Your task
Through the line that contains "Die persönliche Startseite", return the data below exactly, starting at its first line; leave the rest out.

Working data
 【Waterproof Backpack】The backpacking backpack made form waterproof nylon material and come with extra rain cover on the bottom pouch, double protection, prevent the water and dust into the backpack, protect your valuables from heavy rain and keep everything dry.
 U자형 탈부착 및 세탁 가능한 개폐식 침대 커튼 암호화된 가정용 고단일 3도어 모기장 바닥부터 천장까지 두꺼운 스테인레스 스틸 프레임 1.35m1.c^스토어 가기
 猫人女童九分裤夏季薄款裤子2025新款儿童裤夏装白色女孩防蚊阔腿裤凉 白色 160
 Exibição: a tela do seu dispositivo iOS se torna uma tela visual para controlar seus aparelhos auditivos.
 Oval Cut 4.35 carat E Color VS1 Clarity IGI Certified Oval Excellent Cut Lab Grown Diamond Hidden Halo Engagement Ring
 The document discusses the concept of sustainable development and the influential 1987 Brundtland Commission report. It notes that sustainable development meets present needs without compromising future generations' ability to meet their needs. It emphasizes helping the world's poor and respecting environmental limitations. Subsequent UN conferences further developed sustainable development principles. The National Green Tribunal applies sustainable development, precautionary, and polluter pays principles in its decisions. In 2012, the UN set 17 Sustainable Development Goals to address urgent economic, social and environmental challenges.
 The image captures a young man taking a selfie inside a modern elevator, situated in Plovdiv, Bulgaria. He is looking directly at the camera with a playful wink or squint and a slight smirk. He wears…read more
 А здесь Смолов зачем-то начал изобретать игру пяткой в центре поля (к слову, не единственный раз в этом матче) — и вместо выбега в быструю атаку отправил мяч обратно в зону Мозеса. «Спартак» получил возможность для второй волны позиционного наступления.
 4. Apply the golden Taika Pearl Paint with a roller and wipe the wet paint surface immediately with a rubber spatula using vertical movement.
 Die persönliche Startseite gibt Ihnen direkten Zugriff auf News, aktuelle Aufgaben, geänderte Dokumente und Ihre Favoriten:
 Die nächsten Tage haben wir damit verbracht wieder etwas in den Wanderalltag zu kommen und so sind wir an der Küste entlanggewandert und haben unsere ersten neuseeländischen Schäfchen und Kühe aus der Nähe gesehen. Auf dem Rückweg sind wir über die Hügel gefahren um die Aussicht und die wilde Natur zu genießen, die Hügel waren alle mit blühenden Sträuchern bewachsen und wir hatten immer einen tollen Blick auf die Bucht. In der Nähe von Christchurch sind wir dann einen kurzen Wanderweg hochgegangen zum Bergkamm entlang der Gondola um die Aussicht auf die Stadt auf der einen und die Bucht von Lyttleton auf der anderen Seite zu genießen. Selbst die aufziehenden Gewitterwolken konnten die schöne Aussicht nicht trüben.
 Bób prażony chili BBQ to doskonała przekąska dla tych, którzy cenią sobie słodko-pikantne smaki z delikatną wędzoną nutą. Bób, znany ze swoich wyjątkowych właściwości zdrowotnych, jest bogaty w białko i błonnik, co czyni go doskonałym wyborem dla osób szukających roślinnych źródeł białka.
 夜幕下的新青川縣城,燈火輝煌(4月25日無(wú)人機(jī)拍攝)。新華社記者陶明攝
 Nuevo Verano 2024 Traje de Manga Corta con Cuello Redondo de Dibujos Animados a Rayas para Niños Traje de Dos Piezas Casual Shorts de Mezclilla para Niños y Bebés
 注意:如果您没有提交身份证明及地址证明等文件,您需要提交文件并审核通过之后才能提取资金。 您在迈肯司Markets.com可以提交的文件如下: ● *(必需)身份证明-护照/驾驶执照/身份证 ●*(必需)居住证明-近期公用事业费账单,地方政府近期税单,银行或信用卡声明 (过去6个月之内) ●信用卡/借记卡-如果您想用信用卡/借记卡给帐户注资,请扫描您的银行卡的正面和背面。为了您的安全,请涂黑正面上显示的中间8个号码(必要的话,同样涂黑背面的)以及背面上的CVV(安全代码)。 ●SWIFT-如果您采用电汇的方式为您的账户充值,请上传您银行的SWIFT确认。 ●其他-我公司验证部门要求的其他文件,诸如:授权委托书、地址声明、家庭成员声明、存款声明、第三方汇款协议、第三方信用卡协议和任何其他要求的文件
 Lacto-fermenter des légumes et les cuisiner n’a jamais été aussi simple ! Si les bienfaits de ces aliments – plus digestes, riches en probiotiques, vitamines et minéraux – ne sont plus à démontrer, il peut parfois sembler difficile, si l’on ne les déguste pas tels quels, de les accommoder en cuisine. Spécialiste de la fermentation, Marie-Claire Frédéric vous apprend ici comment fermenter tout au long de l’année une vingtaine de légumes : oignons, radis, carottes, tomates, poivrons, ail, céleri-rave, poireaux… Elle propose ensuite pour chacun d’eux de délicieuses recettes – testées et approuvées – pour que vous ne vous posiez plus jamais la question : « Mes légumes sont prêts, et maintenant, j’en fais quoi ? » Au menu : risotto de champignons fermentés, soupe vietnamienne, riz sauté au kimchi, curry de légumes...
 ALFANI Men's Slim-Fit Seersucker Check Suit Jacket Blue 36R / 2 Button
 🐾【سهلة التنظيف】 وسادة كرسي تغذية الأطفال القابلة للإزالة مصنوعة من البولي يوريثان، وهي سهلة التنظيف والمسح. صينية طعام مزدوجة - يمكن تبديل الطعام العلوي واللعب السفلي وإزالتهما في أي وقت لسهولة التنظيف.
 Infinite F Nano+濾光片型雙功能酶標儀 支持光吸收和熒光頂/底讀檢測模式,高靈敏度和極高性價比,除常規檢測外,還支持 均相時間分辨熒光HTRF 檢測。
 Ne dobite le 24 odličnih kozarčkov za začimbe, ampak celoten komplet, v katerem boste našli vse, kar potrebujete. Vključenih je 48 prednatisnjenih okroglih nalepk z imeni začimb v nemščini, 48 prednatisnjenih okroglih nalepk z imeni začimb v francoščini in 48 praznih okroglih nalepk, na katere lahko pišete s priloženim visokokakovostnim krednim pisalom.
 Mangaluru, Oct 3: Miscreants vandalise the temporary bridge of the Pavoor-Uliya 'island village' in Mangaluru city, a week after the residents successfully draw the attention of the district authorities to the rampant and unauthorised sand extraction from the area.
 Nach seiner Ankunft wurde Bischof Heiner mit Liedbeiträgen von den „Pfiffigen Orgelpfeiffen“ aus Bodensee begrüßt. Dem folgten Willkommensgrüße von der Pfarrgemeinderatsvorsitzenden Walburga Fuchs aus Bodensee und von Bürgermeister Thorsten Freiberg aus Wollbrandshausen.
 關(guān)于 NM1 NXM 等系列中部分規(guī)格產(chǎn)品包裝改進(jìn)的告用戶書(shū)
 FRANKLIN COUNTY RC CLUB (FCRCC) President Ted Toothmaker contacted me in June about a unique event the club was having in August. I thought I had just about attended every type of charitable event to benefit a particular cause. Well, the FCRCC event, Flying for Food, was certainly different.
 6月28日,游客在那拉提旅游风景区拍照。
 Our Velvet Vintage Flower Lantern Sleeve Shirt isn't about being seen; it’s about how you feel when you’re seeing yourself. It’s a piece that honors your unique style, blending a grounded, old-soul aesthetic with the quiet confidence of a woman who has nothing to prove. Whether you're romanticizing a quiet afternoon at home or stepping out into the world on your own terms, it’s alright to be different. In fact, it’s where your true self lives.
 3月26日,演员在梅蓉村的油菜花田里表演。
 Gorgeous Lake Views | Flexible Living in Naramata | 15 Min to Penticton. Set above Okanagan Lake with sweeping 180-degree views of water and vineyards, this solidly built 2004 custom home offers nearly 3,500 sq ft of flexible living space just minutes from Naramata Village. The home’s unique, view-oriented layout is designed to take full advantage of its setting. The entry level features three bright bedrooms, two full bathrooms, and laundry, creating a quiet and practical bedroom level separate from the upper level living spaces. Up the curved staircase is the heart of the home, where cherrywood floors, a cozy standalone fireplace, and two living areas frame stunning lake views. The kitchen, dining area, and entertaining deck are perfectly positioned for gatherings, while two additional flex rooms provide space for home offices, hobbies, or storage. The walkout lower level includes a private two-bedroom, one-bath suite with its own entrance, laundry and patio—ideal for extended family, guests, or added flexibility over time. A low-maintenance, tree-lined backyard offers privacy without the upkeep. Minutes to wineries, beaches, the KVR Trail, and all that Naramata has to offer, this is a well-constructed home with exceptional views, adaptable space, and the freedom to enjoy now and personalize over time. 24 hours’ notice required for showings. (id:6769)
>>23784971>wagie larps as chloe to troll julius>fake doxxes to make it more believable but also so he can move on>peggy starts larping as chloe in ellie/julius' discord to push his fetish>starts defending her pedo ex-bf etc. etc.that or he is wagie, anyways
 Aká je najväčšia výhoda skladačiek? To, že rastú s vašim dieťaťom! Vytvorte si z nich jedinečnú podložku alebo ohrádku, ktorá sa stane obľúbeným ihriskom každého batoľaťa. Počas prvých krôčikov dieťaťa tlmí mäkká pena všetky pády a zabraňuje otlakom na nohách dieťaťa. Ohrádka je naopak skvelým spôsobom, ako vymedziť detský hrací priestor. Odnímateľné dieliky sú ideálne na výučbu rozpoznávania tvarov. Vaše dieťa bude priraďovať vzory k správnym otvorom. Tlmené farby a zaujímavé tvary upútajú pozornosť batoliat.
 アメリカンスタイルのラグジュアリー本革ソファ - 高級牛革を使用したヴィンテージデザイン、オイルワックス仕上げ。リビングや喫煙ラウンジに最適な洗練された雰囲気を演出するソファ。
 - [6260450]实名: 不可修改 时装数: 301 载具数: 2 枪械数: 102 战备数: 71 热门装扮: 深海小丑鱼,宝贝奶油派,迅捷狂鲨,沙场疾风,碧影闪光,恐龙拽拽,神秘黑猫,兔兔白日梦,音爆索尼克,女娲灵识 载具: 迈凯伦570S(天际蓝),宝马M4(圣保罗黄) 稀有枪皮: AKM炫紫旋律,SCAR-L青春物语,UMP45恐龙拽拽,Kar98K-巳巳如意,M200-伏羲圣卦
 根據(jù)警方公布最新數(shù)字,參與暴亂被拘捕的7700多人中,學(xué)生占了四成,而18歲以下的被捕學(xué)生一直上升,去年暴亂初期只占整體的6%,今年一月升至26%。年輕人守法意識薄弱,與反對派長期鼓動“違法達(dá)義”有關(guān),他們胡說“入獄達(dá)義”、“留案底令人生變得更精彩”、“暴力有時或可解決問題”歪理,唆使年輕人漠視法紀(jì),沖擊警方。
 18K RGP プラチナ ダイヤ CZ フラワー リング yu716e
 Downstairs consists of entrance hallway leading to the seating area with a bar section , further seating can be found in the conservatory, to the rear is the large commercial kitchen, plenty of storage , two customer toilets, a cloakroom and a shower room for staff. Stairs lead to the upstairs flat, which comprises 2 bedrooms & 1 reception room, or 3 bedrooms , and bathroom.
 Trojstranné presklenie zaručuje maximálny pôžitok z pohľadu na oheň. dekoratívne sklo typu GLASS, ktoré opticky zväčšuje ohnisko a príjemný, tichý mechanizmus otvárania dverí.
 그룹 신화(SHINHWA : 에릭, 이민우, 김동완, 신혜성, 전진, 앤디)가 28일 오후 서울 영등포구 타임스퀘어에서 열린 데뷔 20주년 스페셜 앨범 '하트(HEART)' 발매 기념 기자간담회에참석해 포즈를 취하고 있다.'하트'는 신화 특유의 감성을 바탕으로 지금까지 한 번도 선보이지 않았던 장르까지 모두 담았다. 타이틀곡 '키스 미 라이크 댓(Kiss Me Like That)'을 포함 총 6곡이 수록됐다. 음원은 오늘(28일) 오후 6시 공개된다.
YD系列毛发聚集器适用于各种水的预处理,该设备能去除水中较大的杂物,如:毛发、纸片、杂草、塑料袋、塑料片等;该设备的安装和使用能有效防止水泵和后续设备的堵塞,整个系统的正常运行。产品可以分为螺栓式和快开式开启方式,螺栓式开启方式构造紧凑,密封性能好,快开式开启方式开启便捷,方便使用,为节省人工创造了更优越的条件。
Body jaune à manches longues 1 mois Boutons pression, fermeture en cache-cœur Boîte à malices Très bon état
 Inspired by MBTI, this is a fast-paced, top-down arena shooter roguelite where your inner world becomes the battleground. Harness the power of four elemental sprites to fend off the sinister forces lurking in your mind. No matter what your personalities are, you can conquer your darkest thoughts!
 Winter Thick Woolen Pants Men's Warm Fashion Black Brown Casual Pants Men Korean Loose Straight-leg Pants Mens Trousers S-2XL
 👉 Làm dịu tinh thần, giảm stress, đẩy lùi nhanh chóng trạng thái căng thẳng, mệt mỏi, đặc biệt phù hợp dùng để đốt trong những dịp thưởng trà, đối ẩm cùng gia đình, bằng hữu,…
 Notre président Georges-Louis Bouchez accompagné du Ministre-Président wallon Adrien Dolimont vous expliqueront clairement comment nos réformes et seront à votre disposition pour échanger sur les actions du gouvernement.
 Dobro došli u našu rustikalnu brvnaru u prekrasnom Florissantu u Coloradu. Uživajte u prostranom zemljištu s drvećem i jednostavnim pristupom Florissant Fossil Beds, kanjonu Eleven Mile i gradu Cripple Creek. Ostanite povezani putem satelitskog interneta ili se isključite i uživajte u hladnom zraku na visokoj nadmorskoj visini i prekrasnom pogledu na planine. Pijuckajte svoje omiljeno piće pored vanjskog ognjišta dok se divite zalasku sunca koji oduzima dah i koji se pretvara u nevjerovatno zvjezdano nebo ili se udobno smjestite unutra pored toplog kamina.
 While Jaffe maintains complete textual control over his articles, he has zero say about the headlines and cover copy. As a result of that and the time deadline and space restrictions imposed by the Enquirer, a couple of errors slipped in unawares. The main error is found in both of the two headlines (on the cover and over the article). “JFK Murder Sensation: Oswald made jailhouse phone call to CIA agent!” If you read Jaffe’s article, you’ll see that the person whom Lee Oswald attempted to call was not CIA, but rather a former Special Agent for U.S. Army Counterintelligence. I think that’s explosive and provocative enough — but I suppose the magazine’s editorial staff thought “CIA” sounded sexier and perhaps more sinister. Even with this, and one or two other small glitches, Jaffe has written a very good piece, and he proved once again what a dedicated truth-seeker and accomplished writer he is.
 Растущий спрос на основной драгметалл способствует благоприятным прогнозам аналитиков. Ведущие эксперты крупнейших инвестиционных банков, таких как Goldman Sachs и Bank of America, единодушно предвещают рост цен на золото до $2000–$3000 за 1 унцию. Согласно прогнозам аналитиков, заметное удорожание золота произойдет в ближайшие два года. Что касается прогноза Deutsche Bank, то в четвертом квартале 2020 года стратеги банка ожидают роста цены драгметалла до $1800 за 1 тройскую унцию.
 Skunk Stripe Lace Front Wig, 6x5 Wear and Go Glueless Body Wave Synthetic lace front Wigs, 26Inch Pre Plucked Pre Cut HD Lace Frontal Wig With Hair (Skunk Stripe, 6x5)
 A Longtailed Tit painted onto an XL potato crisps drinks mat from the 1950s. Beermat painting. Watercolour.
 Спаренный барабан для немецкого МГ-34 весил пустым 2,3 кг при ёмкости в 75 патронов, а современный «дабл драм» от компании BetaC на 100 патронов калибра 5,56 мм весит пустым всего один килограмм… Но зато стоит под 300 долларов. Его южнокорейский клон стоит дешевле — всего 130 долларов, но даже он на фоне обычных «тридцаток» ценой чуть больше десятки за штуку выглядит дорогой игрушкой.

Response area
 【Waterproof Backpack】The backpacking backpack made form waterproof nylon material and come with extra rain cover on the bottom pouch, double protection, prevent the water and dust into the backpack, protect your valuables from heavy rain and keep everything dry.
 U자형 탈부착 및 세탁 가능한 개폐식 침대 커튼 암호화된 가정용 고단일 3도어 모기장 바닥부터 천장까지 두꺼운 스테인레스 스틸 프레임 1.35m1.c^스토어 가기
 猫人女童九分裤夏季薄款裤子2025新款儿童裤夏装白色女孩防蚊阔腿裤凉 白色 160
 Exibição: a tela do seu dispositivo iOS se torna uma tela visual para controlar seus aparelhos auditivos.
 Oval Cut 4.35 carat E Color VS1 Clarity IGI Certified Oval Excellent Cut Lab Grown Diamond Hidden Halo Engagement Ring
 The document discusses the concept of sustainable development and the influential 1987 Brundtland Commission report. It notes that sustainable development meets present needs without compromising future generations' ability to meet their needs. It emphasizes helping the world's poor and respecting environmental limitations. Subsequent UN conferences further developed sustainable development principles. The National Green Tribunal applies sustainable development, precautionary, and polluter pays principles in its decisions. In 2012, the UN set 17 Sustainable Development Goals to address urgent economic, social and environmental challenges.
 The image captures a young man taking a selfie inside a modern elevator, situated in Plovdiv, Bulgaria. He is looking directly at the camera with a playful wink or squint and a slight smirk. He wears…read more
 А здесь Смолов зачем-то начал изобретать игру пяткой в центре поля (к слову, не единственный раз в этом матче) — и вместо выбега в быструю атаку отправил мяч обратно в зону Мозеса. «Спартак» получил возможность для второй волны позиционного наступления.
 4. Apply the golden Taika Pearl Paint with a roller and wipe the wet paint surface immediately with a rubber spatula using vertical movement.
 Die persönliche Startseite gibt Ihnen direkten Zugriff auf News, aktuelle Aufgaben, geänderte Dokumente und Ihre Favoriten:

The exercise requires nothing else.